We spent Christmas eve at a restaurant which organized a Hindi devotional music group which I believe were some kind of gypsies. Otherwise, it was really funny and interestingly decorated: Balloons and other colorful stuff hang from some trees, some firework volcanoes were started and a big “Happy Christmas” was laid on the ground with orange flowers. It all felt a bit like “Happy birthday, Jesus!”. ;)
I don’t like Hindi devotional too much (a Christian chorus is singing of angels as compared to that) so I wanted to leave fast after we finished our dinner and drank our lassies.
We walked around the empty streets of Pushkar at night. The feel is completely different – it looks like another town, no, even another world or time. This applies to other Indian cities at night as well. Only without the noise, the sellers, tourists, beggars, the traffic and the light, one can experience this monumental and solemn athmosphere. Which looked so ordinary and normal at daytime, appears then so alien and exotic again. Esther wrote a very nice poem about that:
“She is another country by night.
She resists us,
Wrapping herself in her cloak of history.
She sings the silent songs
Of past lovers and lives,
Wars and wides of worships.
That have swung between the silence
Of her nights.
Her face regains it’s mystery
in with the inscrutable shadows;
moonlight on water;
a distant day; The echo of footsteps
The plash old sigh of the lake.
A private solemn dance with herself
And we are, again, foreigners.”
Later I talked with a Canadian and an Indian backpacker. The Westerner thought that bhang (blend of Marijuana) is actually not forbidden in Rajasthan. But the other one corrected him and said that it is illegal there, but no one cares. Actually, every family has a bit in their household. This is a very small difference, really.

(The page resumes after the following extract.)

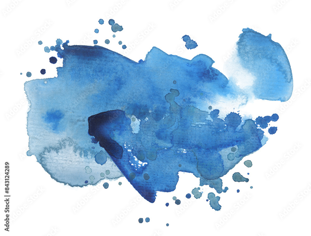 PNG Ink watercolor hand drawn blot. Wet blue color paper texture stain on transparent background.

This reflects in the way bhang is distributed in Pushkar: Many restaurant have “Special Lassi” or “Special cookie” even on their menu. When I asked what precisely is in there, the waiter replied “Well, do you know this plant,… Marijuana?” and added a little bit uncomfortably “… actually, it is illegal so we have to write ‘special’ instead of ‘bhang’.”. He seemed to be more concerned with not being allowed to write bhang in the menu than that bhang is illegal. ;)
The owner of the very small hotel we stayed in named his Lassi “Megic Lassi” (inclusive the spelling mistake). A very small and cosy hotel, the owner is very friendly.